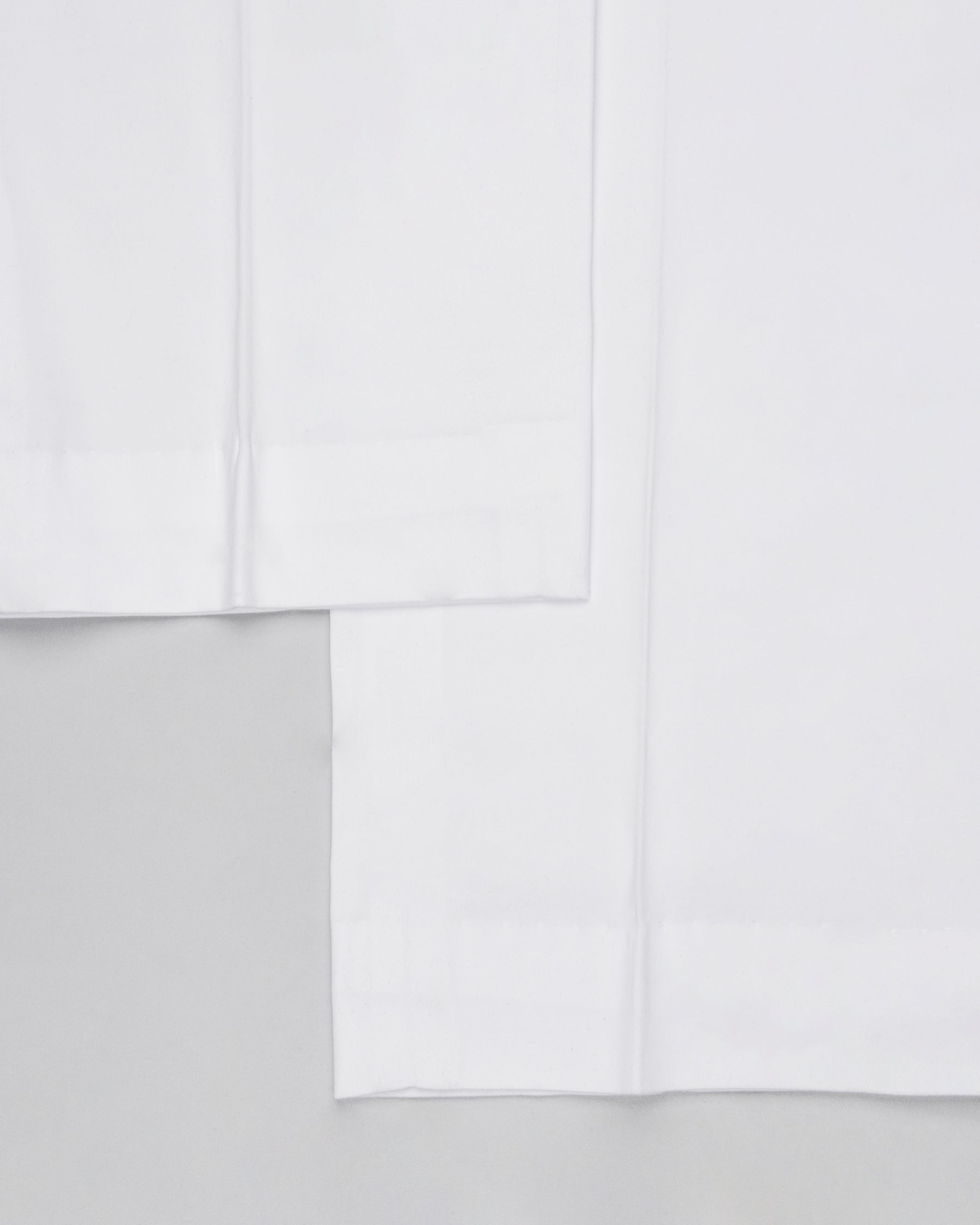 Bright White Stretchable Subtle Sheen Cross Placket Bandhgala/Mandarin SuitBright White Stretchable Subtle Sheen Cross Placket Bandhgala/Mandarin Suit
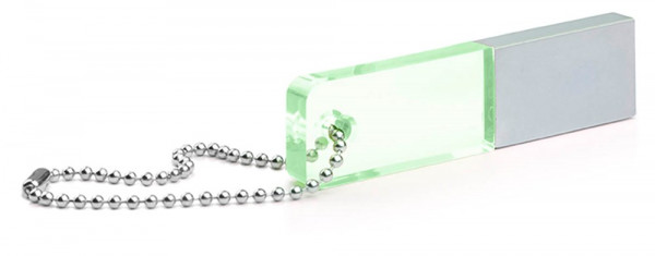 Dunne aluminium USB flash drive met een top deel van acryl wat oplicht wanneer de flash drive in een USB poort zit.
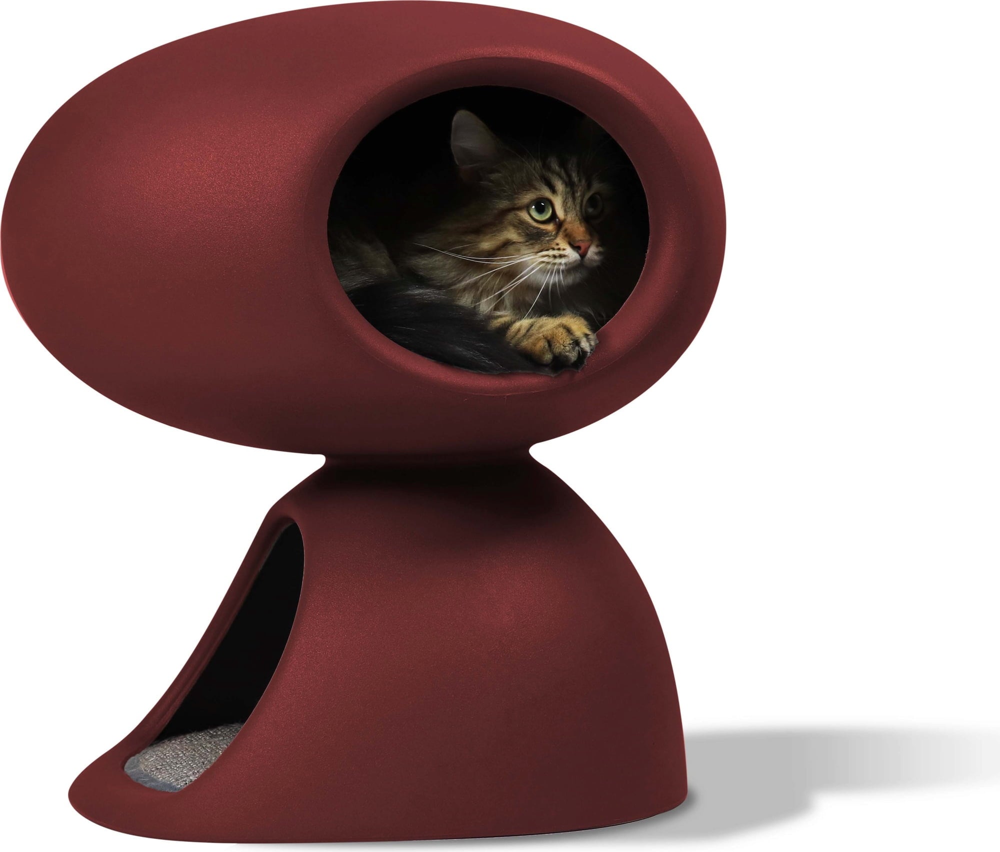 Eine tolle Designerwohnung für flotte Miezen und coole Kater. Cat Cave erinnert an zwei übereinander gestapelte Steine. Die untere Höhle ist mit einer Kratzmatte ausgestattet. Im ersten Stock darf man auf einem weichen Kissen entspannen und die Aussicht genießen.
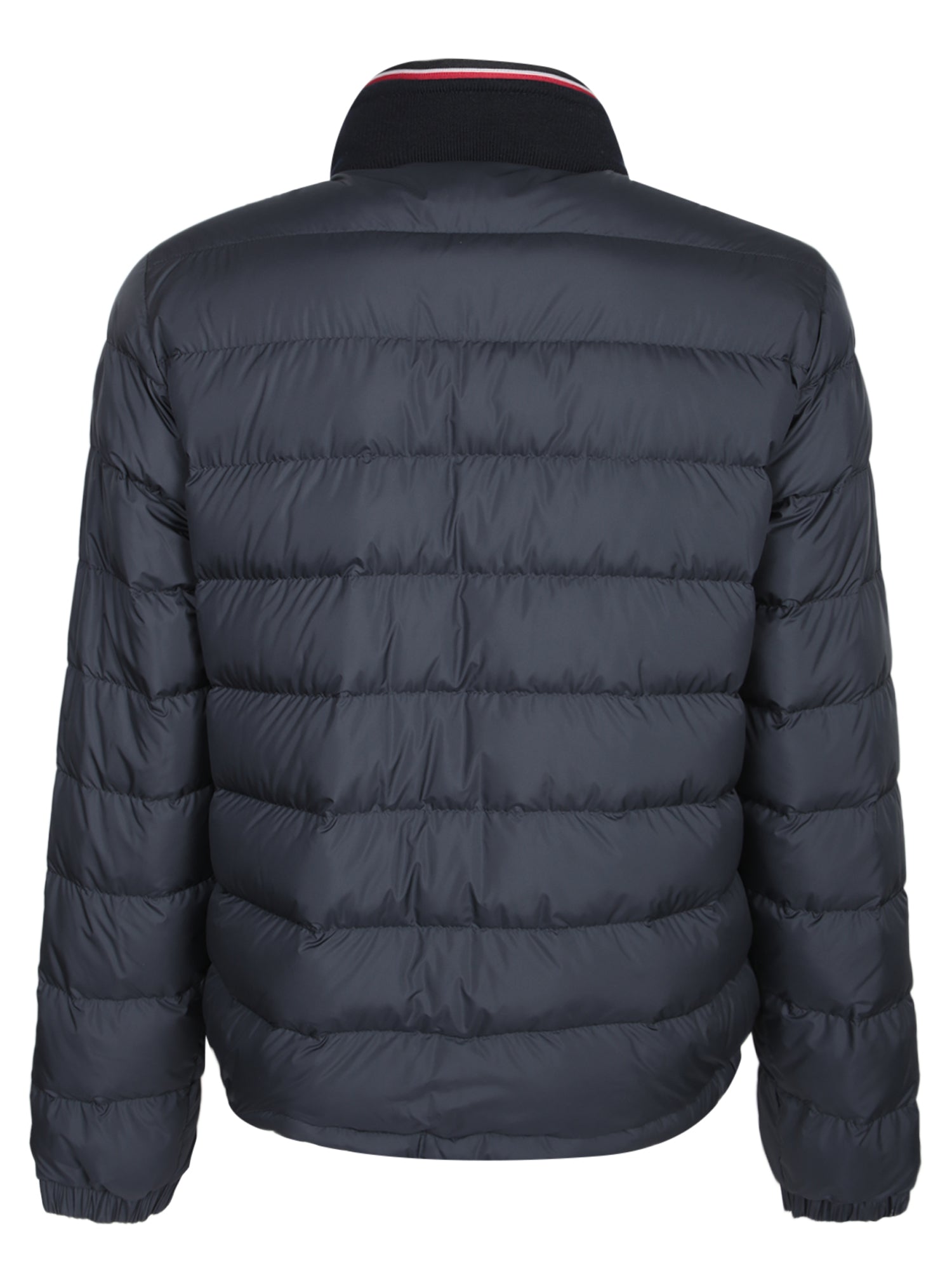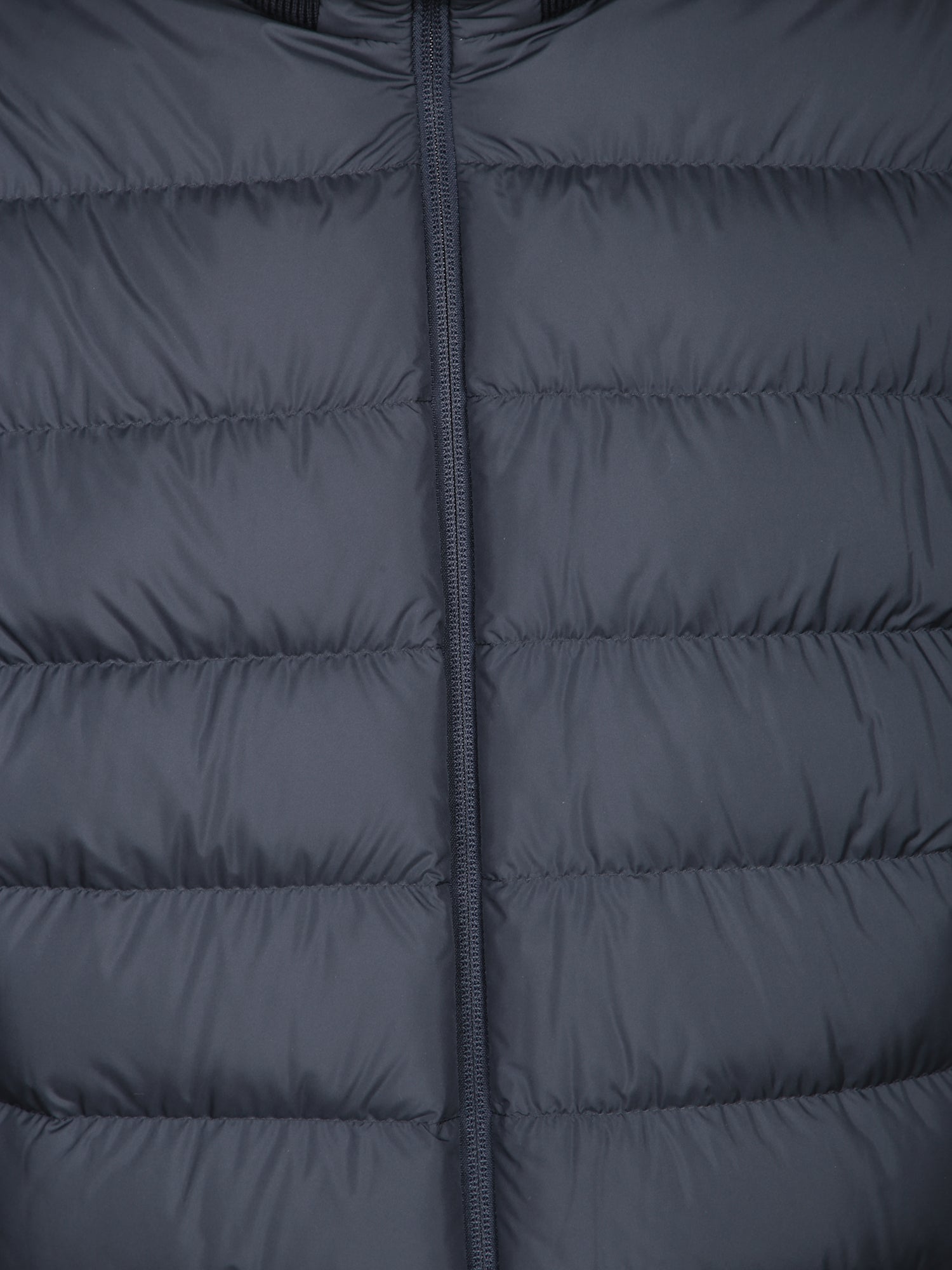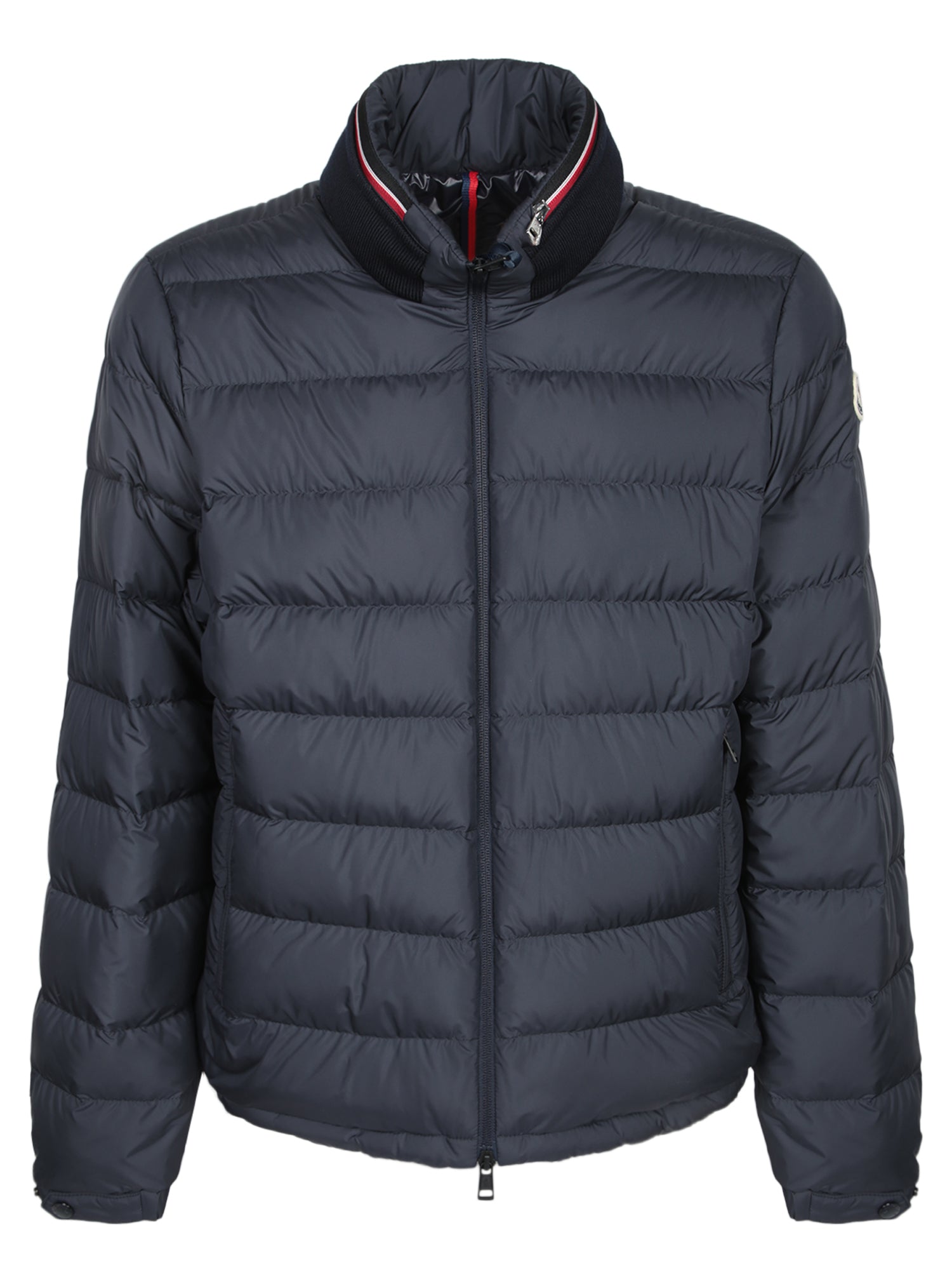Down jacket with front zip closure. High collar. Long sleeves with logo patch on the left arm.
# # # #
> **Problem to work on**:
Leave the pictures out and return the rest of the listing exactly.

> **Written answer**:
 Bright White Stretchable Subtle Sheen Cross Placket Bandhgala/Mandarin SuitBright White Stretchable Subtle Sheen Cross Placket Bandhgala/Mandarin Suit
 Dunne aluminium USB flash drive met een top deel van acryl wat oplicht wanneer de flash drive in een USB poort zit.
 Eine tolle Designerwohnung für flotte Miezen und coole Kater. Cat Cave erinnert an zwei übereinander gestapelte Steine. Die untere Höhle ist mit einer Kratzmatte ausgestattet. Im ersten Stock darf man auf einem weichen Kissen entspannen und die Aussicht genießen.
Down jacket with front zip closure. High collar. Long sleeves with logo patch on the left arm.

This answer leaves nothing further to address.